* **DIRECTIONS**
Quote exactly, and only, the lines from the one containing "Modern Vanity Table" through the end of the material below. Skip pictures.

* **INFORMATION PROVIDED**
- - -

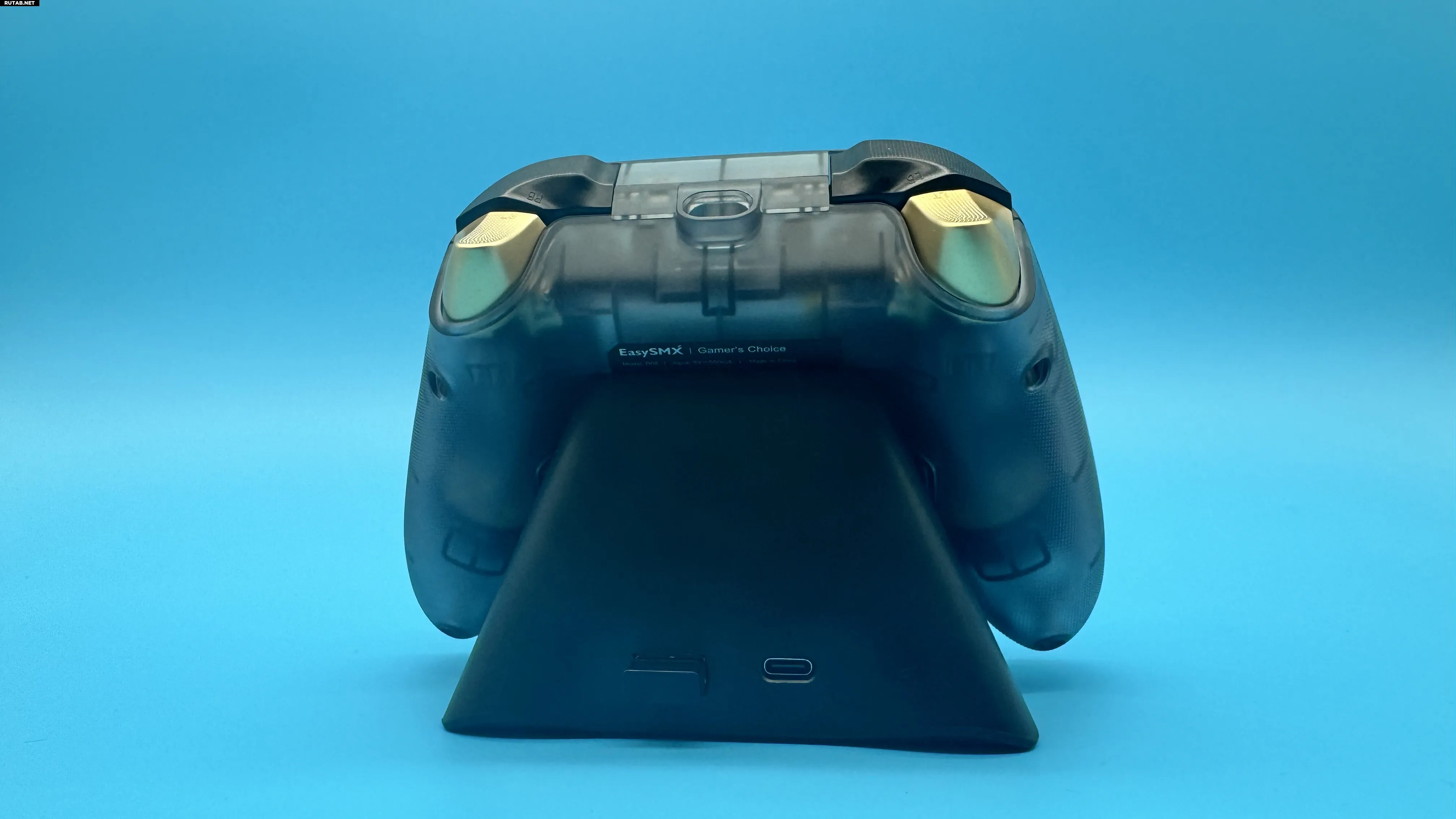 D05 доступен только в одном цветовом варианте, но, к счастью, он мне нравится. Корпус полностью чёрный, за исключением золотистого крестовины и триггеров. Кнопки-бамперы, что примечательно, такого же чёрного цвета, как и основные кнопки, и джойстики. В целом, контроллер выглядит одновременно довольно ярко и аккуратно. Входящая в комплект док-станция для зарядки, напротив, довольно проста — полностью чёрная, с логотипом «EasySMX» на передней панели.
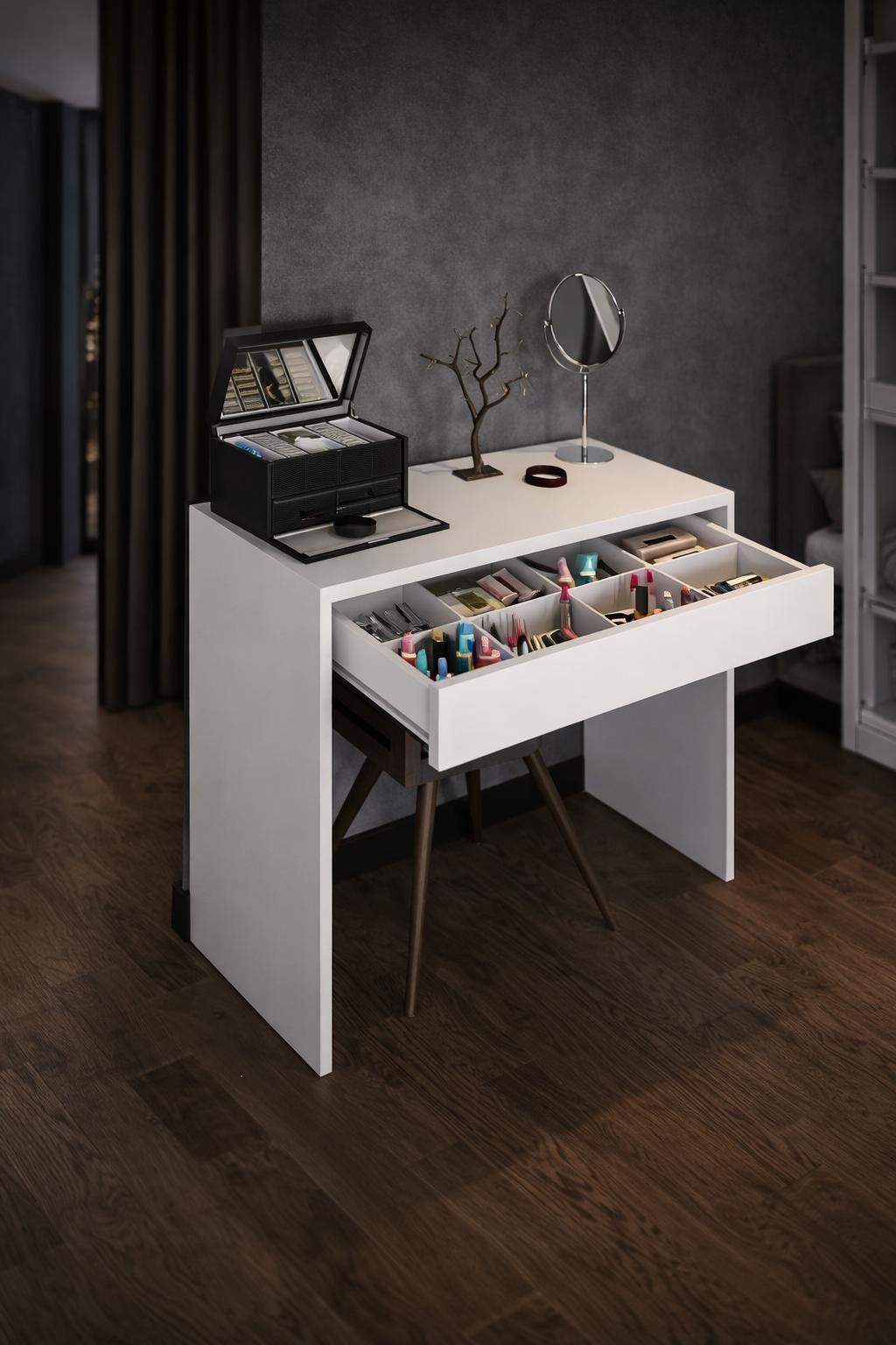 Modern Vanity Table with Drawer, Minimal Makeup vanity, Compact dre...
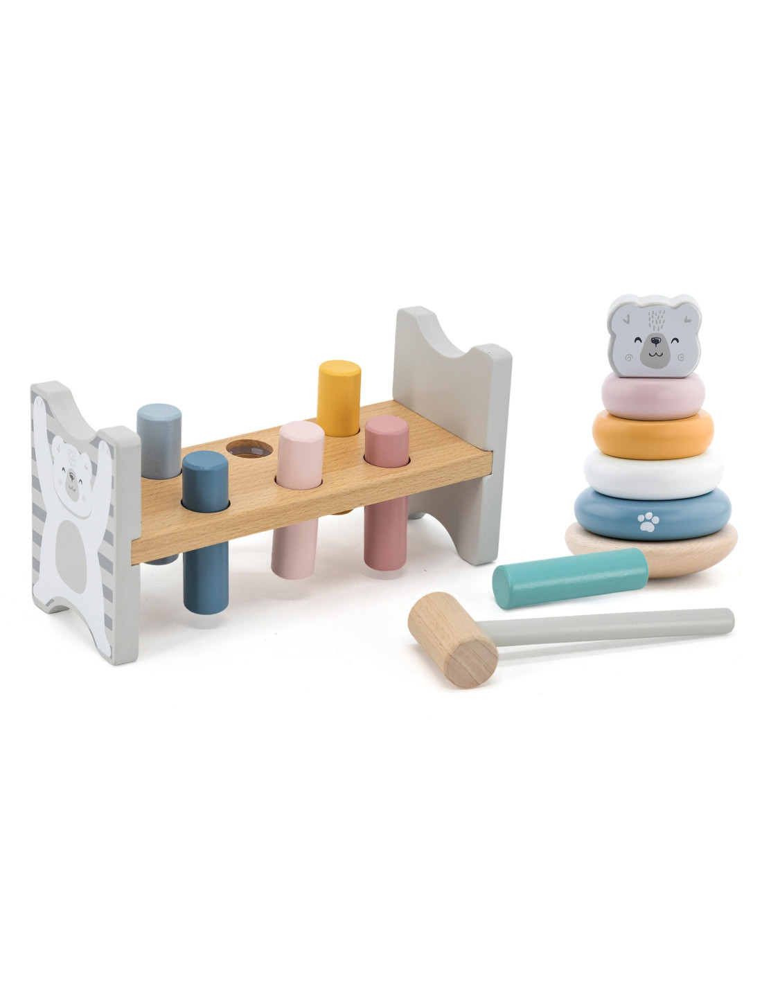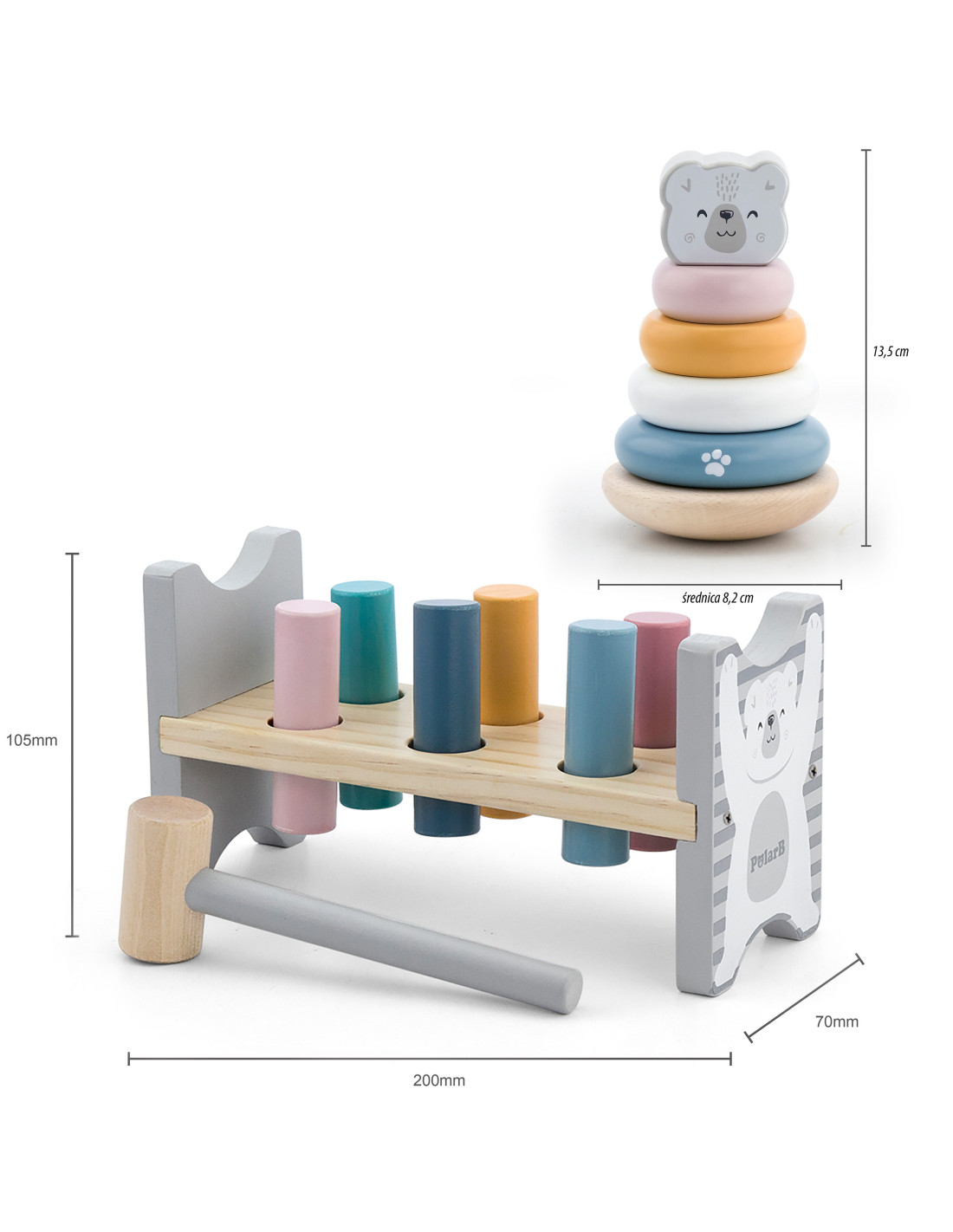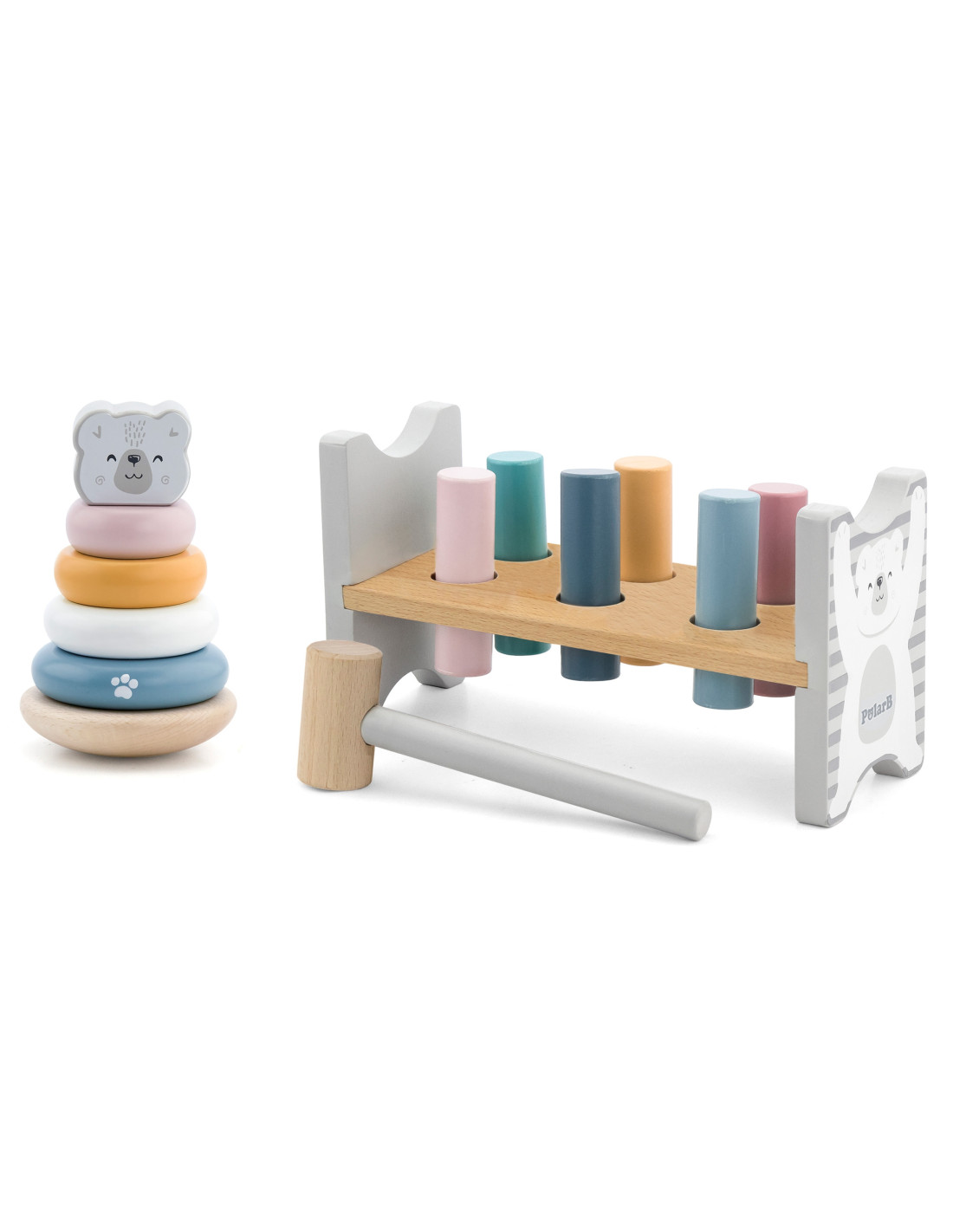 This set from the PolarB series by Viga includes two pastel wooden toys: an educational pyramid and a hammer and punch. Both toys will not only keep your child entertained but will also contribute to the development of fine motor skills , logical thinking , and learning colors . Spending time with these toys will help your child develop precise hand movements, which will facilitate learning to write later.
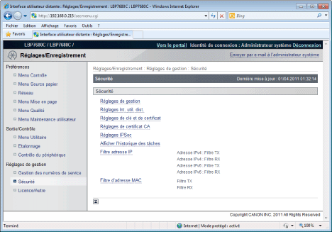 Seul l'administrateur (utilisateur connaissant le mot de passe) peut configurer les paramètres ou exécuter des opérations liées à la gestion de l'imprimante en entrant le mot de passe de l'administrateur.

- - -

* **TASK RESULT**
 Modern Vanity Table with Drawer, Minimal Makeup vanity, Compact dre...
 This set from the PolarB series by Viga includes two pastel wooden toys: an educational pyramid and a hammer and punch. Both toys will not only keep your child entertained but will also contribute to the development of fine motor skills , logical thinking , and learning colors . Spending time with these toys will help your child develop precise hand movements, which will facilitate learning to write later.
 Seul l'administrateur (utilisateur connaissant le mot de passe) peut configurer les paramètres ou exécuter des opérations liées à la gestion de l'imprimante en entrant le mot de passe de l'administrateur.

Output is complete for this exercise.